Problem statement |
Required from the data below: the exact lines starting at the line containing "Interior de acero" and ending at the line containing "Bomber reversibile in", with both ends kept and all pictures dropped.

Material for this task |
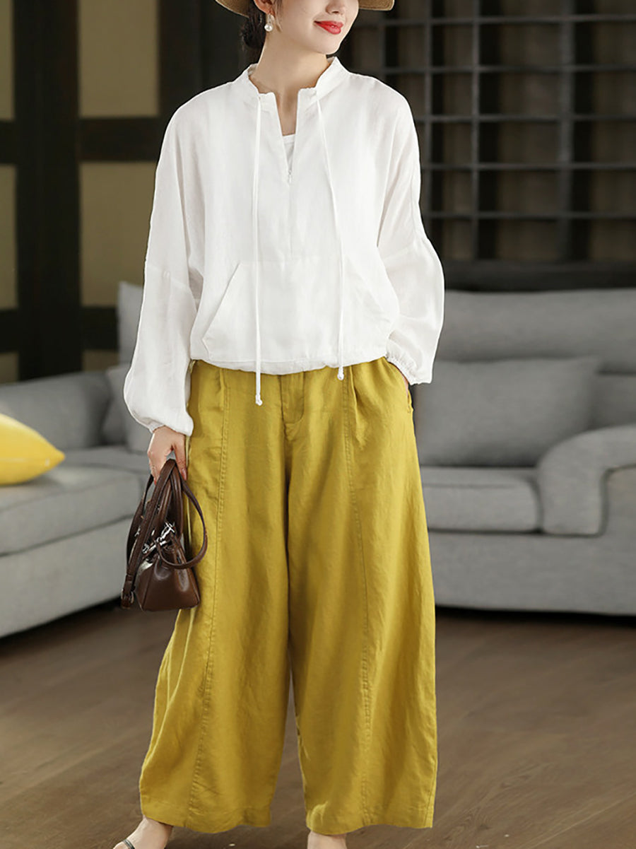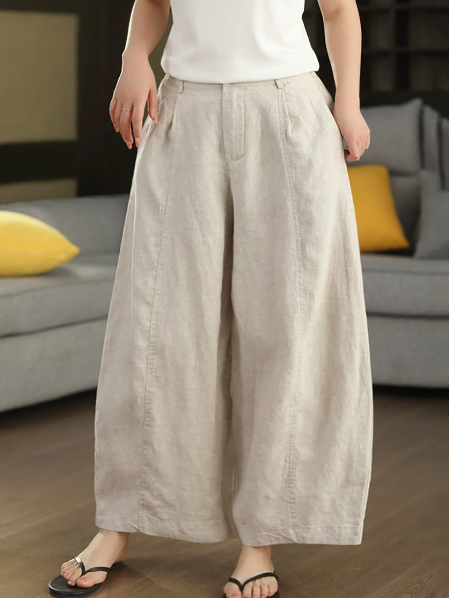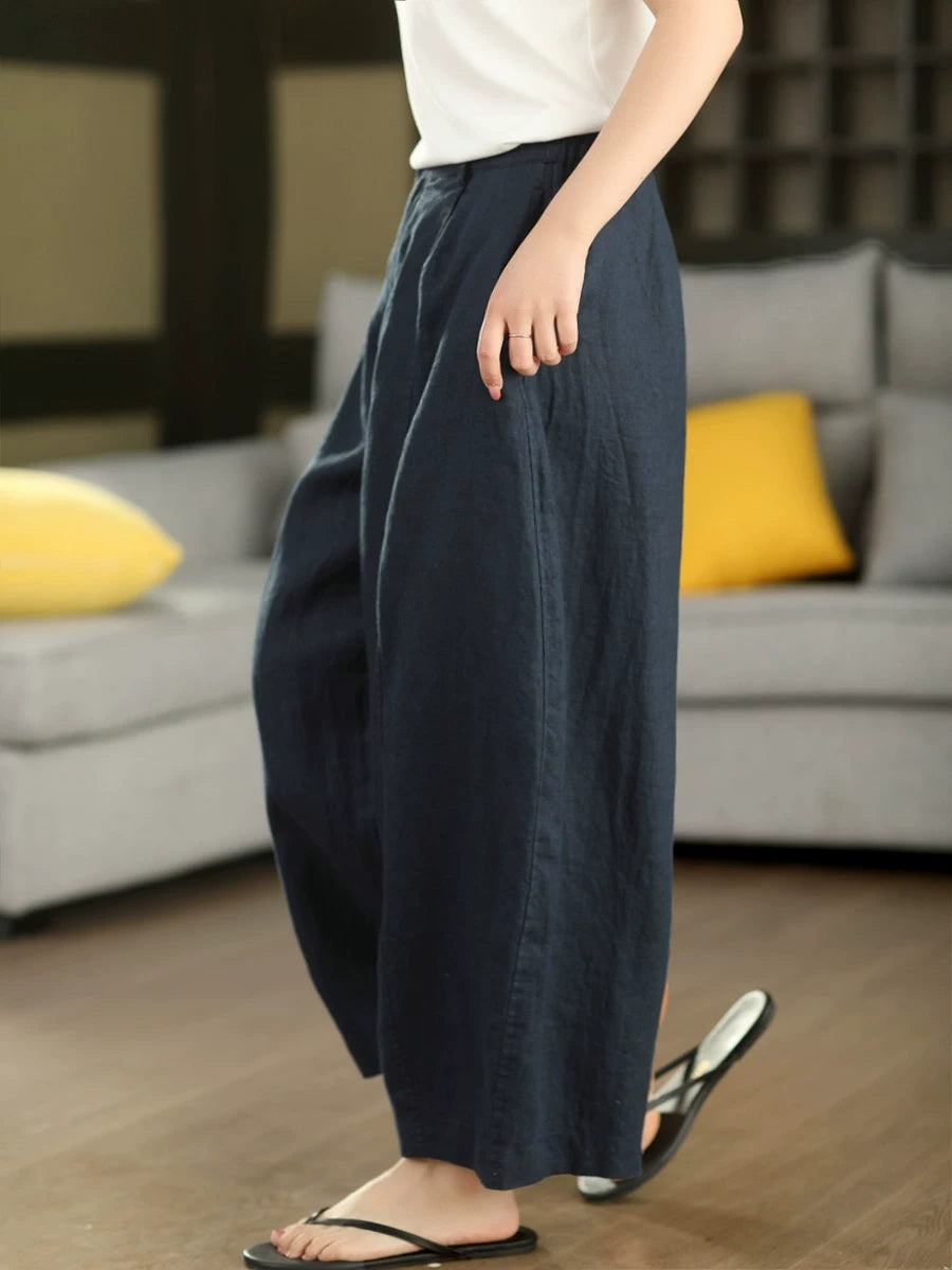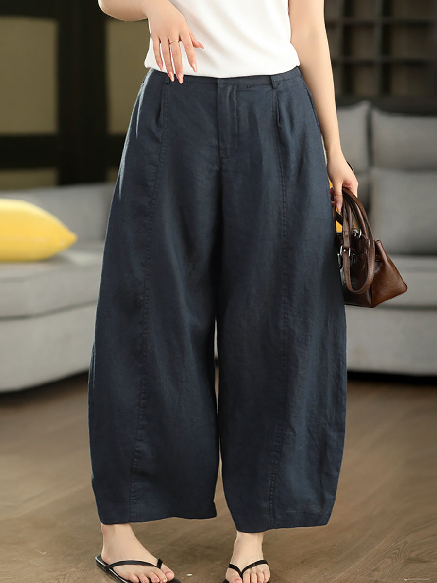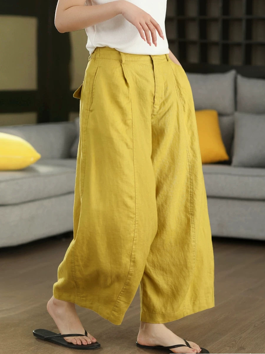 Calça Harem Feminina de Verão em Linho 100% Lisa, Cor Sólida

...

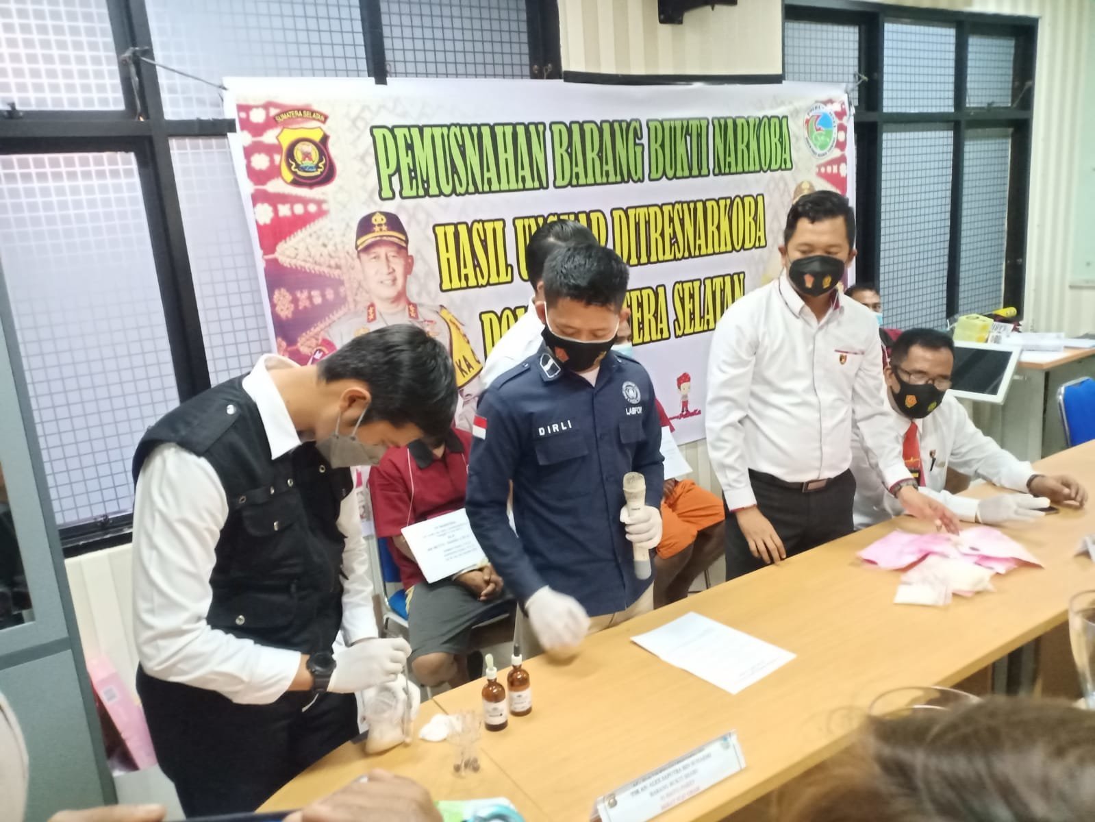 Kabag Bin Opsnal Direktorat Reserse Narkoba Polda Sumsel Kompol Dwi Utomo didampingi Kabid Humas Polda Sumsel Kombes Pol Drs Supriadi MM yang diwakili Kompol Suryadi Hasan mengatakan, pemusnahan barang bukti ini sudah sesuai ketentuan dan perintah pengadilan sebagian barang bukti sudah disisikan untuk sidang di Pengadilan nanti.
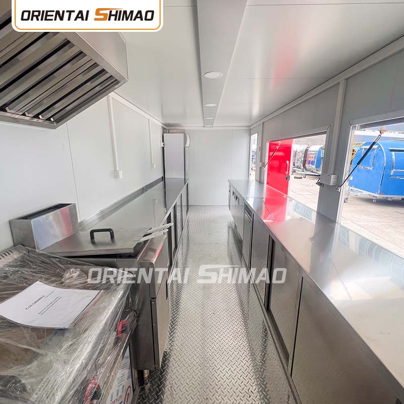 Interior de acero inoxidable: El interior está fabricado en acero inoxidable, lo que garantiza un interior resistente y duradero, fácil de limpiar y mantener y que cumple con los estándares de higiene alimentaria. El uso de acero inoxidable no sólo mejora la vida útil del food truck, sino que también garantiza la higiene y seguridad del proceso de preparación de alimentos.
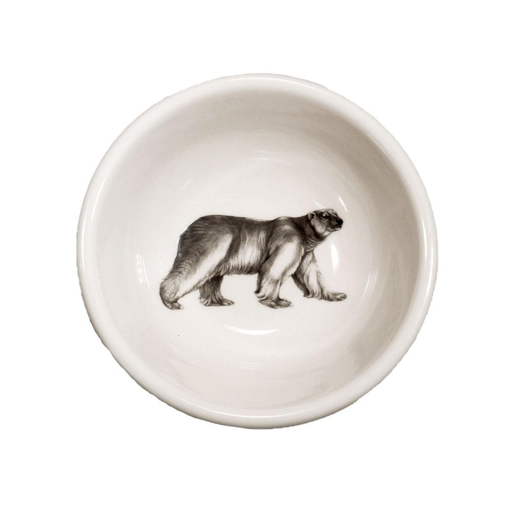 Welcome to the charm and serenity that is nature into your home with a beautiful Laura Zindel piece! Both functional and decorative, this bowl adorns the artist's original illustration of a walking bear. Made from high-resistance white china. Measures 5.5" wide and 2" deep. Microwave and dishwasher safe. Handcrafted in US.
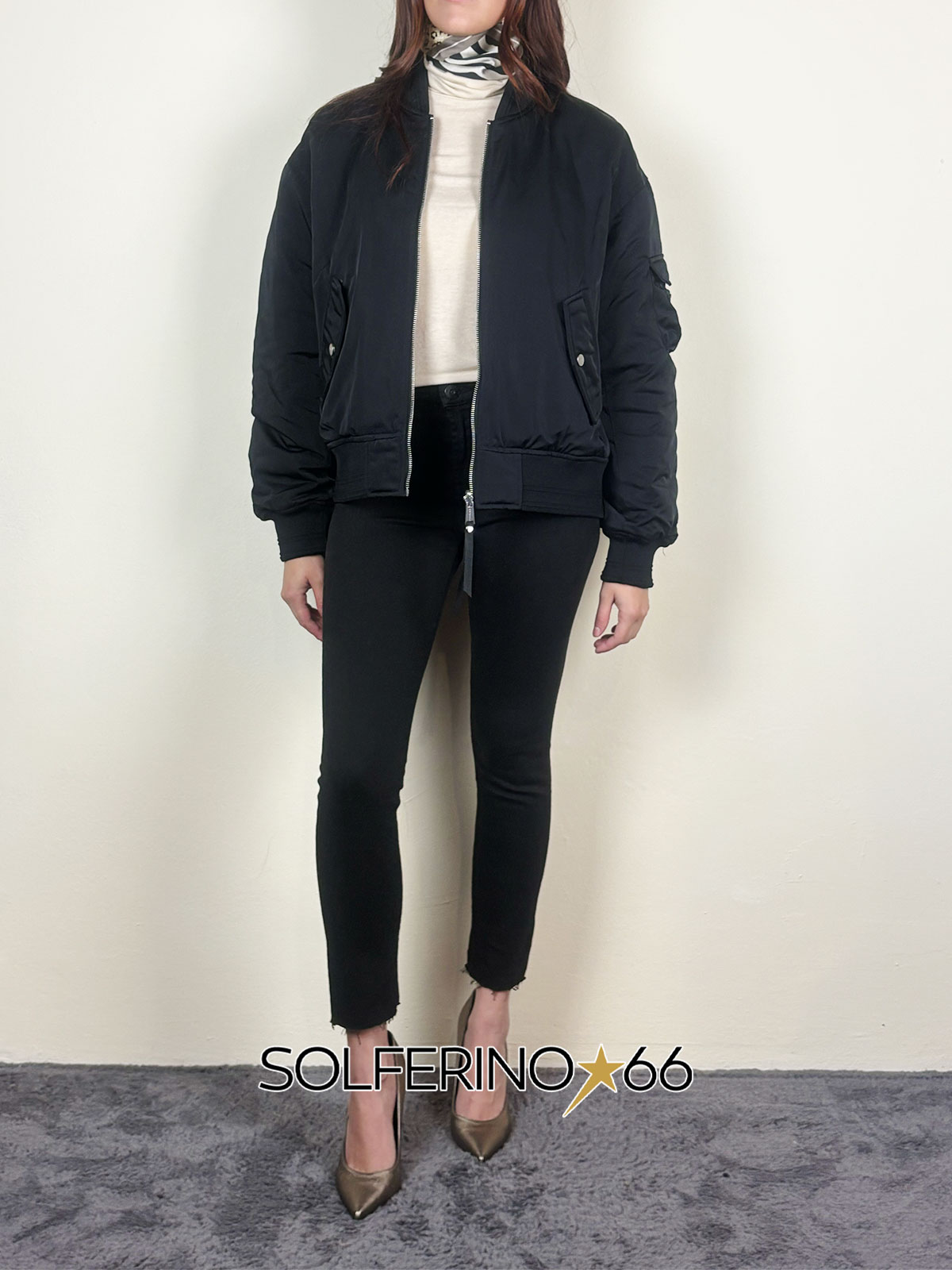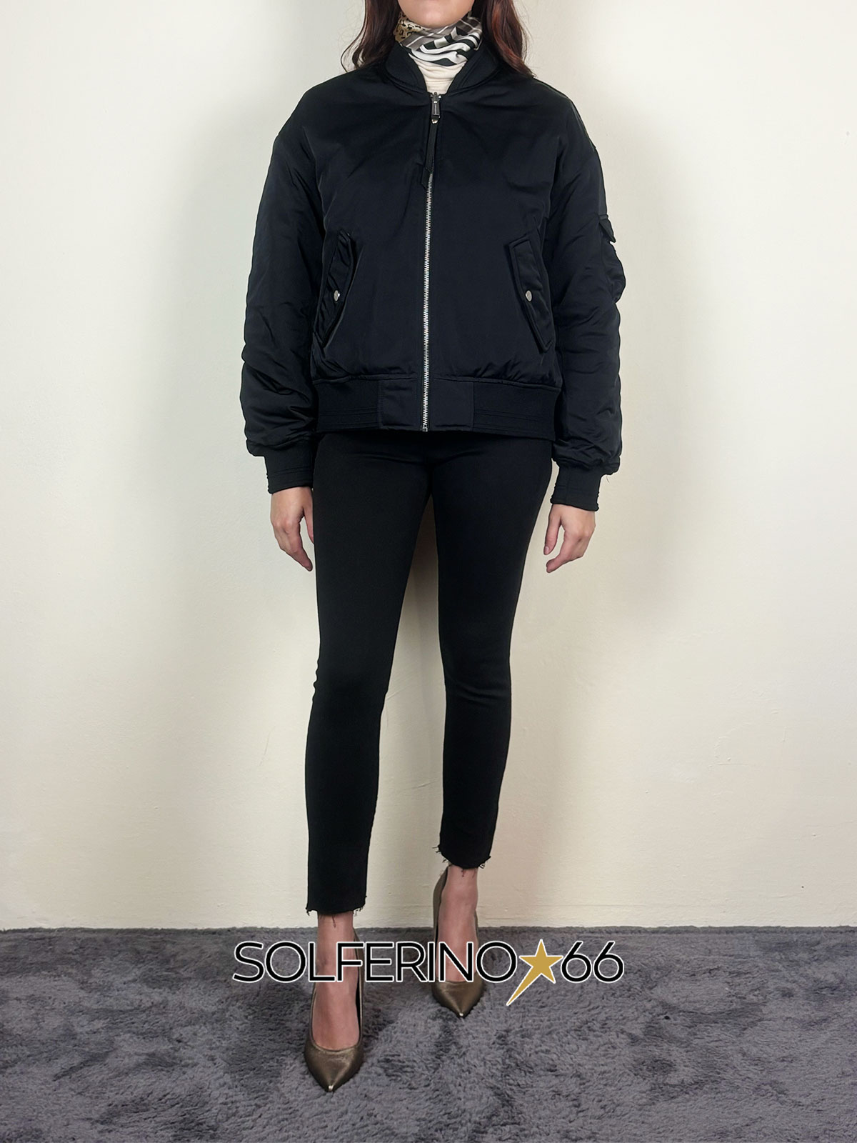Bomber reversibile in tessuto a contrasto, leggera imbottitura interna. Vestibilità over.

==

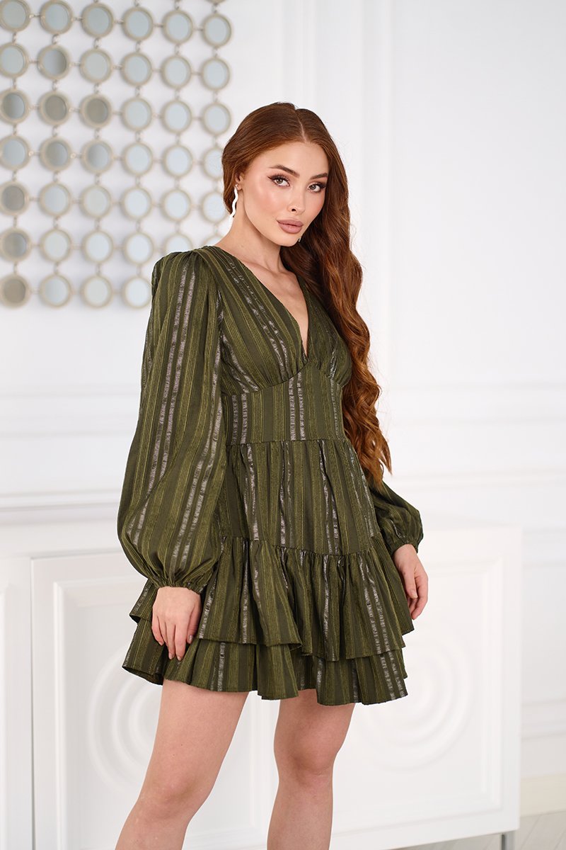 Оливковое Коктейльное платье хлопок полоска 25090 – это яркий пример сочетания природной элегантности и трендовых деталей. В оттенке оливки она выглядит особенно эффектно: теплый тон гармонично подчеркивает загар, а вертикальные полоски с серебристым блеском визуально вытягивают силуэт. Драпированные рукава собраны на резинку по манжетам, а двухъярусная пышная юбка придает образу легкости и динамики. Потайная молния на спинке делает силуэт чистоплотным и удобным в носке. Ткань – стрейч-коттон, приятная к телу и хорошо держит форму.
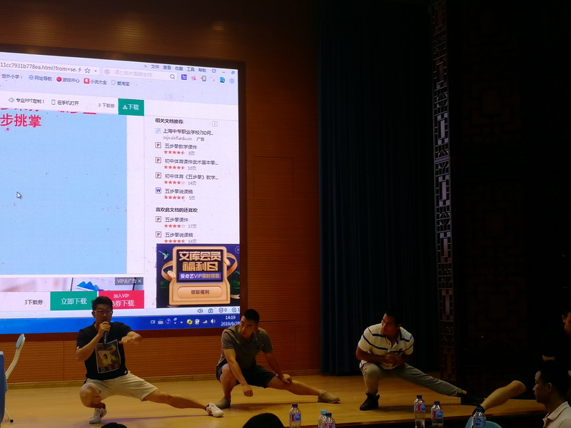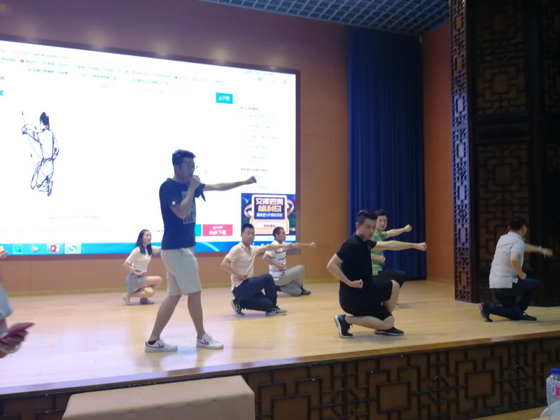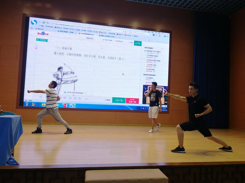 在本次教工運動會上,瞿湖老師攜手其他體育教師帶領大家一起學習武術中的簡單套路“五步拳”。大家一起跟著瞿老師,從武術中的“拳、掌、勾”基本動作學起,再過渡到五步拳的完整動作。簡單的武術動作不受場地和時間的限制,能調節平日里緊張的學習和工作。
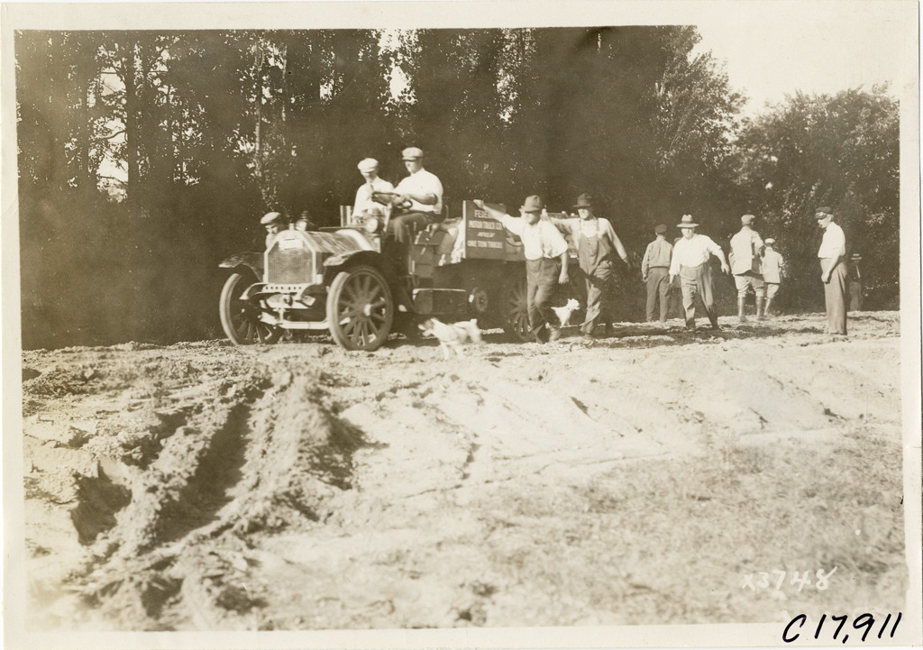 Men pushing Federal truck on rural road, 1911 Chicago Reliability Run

Reply |
 Interior de acero inoxidable: El interior está fabricado en acero inoxidable, lo que garantiza un interior resistente y duradero, fácil de limpiar y mantener y que cumple con los estándares de higiene alimentaria. El uso de acero inoxidable no sólo mejora la vida útil del food truck, sino que también garantiza la higiene y seguridad del proceso de preparación de alimentos.
 Welcome to the charm and serenity that is nature into your home with a beautiful Laura Zindel piece! Both functional and decorative, this bowl adorns the artist's original illustration of a walking bear. Made from high-resistance white china. Measures 5.5" wide and 2" deep. Microwave and dishwasher safe. Handcrafted in US.
Bomber reversibile in tessuto a contrasto, leggera imbottitura interna. Vestibilità over.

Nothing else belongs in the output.